Dataset records
━━━━━━━━
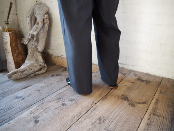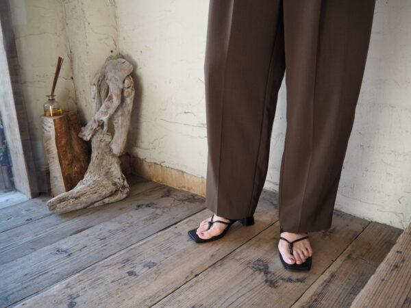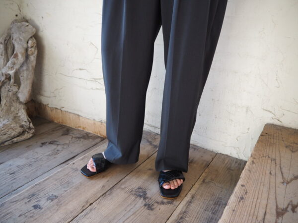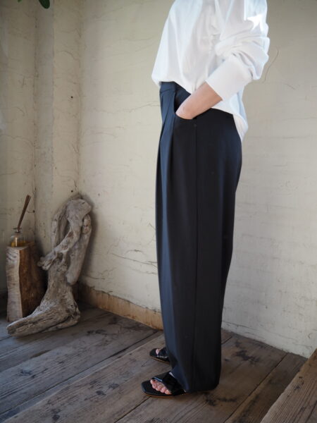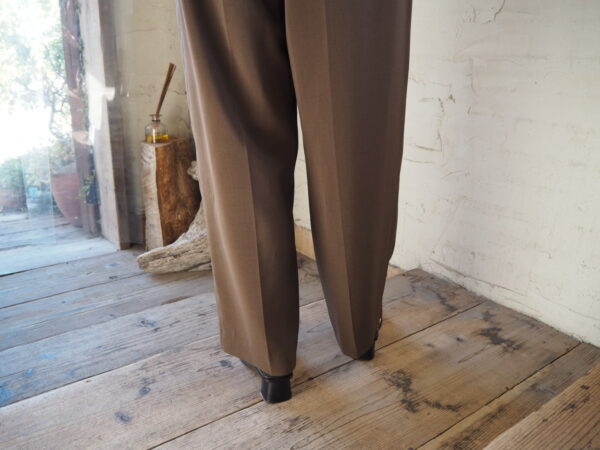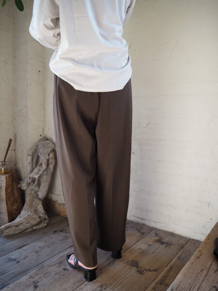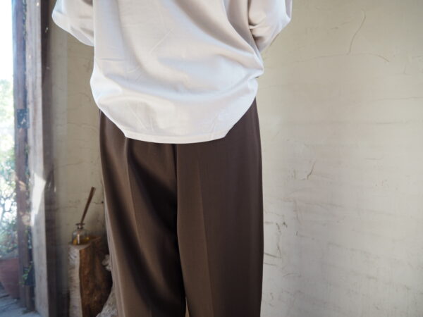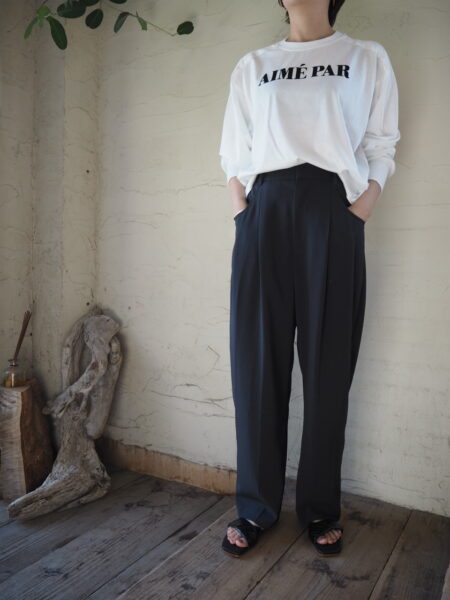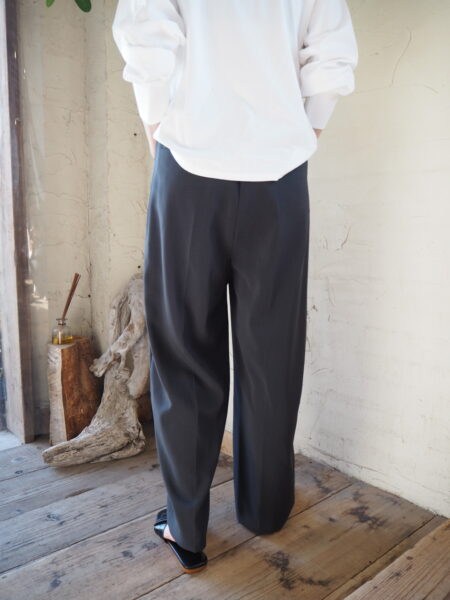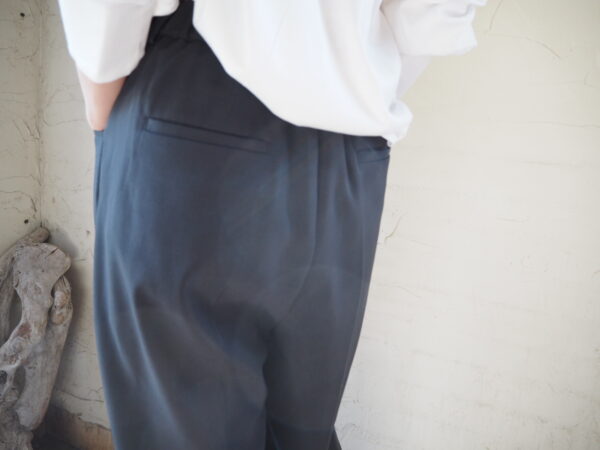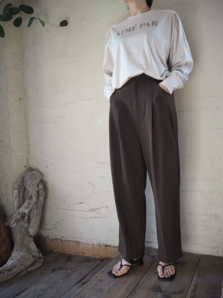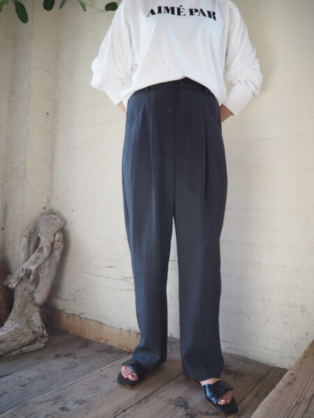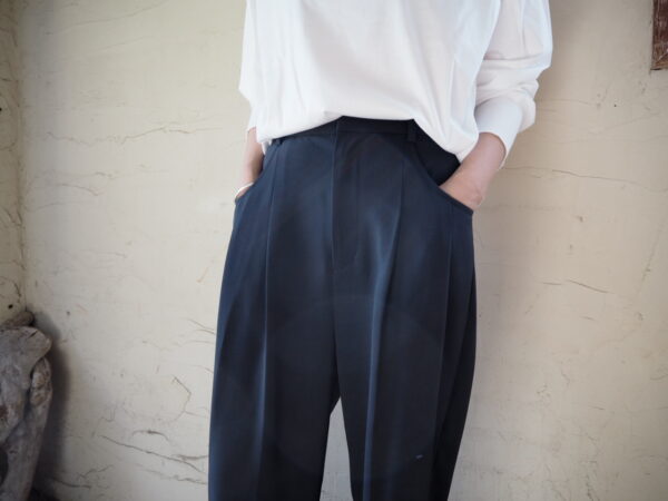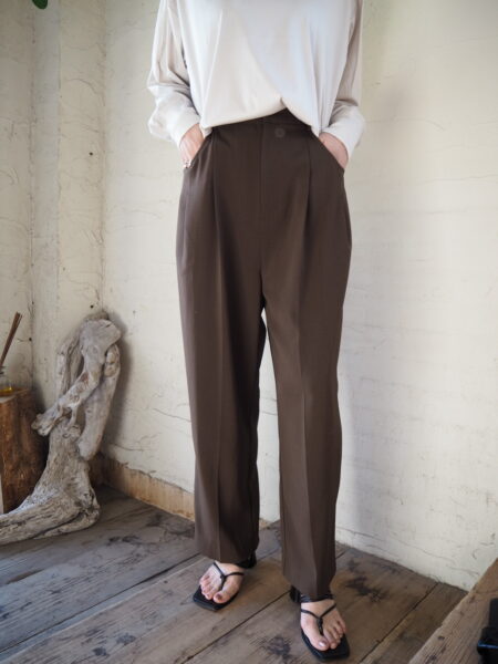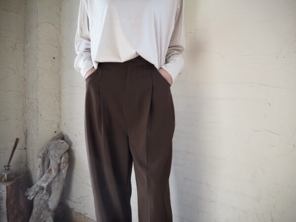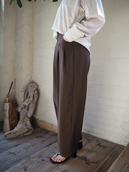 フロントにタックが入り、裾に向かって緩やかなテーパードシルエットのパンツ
━━━━━━━━
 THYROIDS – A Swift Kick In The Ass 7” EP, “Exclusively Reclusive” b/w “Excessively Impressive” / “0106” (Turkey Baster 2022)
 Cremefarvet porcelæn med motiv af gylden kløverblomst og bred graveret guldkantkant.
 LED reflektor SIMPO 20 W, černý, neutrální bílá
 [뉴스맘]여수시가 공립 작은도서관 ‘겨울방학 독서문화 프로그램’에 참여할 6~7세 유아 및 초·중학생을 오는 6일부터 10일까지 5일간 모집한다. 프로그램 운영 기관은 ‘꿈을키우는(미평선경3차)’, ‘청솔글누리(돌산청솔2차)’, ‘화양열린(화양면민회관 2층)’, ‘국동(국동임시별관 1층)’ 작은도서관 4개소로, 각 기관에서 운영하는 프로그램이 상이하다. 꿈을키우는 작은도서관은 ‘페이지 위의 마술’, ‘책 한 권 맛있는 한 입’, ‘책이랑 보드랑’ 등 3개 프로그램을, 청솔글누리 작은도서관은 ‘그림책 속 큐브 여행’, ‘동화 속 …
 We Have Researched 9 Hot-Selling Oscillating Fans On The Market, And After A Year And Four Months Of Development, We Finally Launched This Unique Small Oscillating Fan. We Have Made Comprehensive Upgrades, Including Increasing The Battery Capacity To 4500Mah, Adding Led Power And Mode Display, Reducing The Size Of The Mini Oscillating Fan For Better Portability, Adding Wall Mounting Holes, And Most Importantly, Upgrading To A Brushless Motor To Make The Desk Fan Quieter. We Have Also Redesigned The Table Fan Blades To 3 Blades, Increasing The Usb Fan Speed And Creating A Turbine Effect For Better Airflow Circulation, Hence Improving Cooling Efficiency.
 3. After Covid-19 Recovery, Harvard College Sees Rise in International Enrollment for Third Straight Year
━━━━━━━━
Task brief
From the material above, retype precisely the lines between the line holding "THYROIDS – A" and the line holding "[뉴스맘]여수시가 공립 작은도서관", inclusive, and nothing beyond them.

Solution
 THYROIDS – A Swift Kick In The Ass 7” EP, “Exclusively Reclusive” b/w “Excessively Impressive” / “0106” (Turkey Baster 2022)
 Cremefarvet porcelæn med motiv af gylden kløverblomst og bred graveret guldkantkant.
 LED reflektor SIMPO 20 W, černý, neutrální bílá
 [뉴스맘]여수시가 공립 작은도서관 ‘겨울방학 독서문화 프로그램’에 참여할 6~7세 유아 및 초·중학생을 오는 6일부터 10일까지 5일간 모집한다. 프로그램 운영 기관은 ‘꿈을키우는(미평선경3차)’, ‘청솔글누리(돌산청솔2차)’, ‘화양열린(화양면민회관 2층)’, ‘국동(국동임시별관 1층)’ 작은도서관 4개소로, 각 기관에서 운영하는 프로그램이 상이하다. 꿈을키우는 작은도서관은 ‘페이지 위의 마술’, ‘책 한 권 맛있는 한 입’, ‘책이랑 보드랑’ 등 3개 프로그램을, 청솔글누리 작은도서관은 ‘그림책 속 큐브 여행’, ‘동화 속 …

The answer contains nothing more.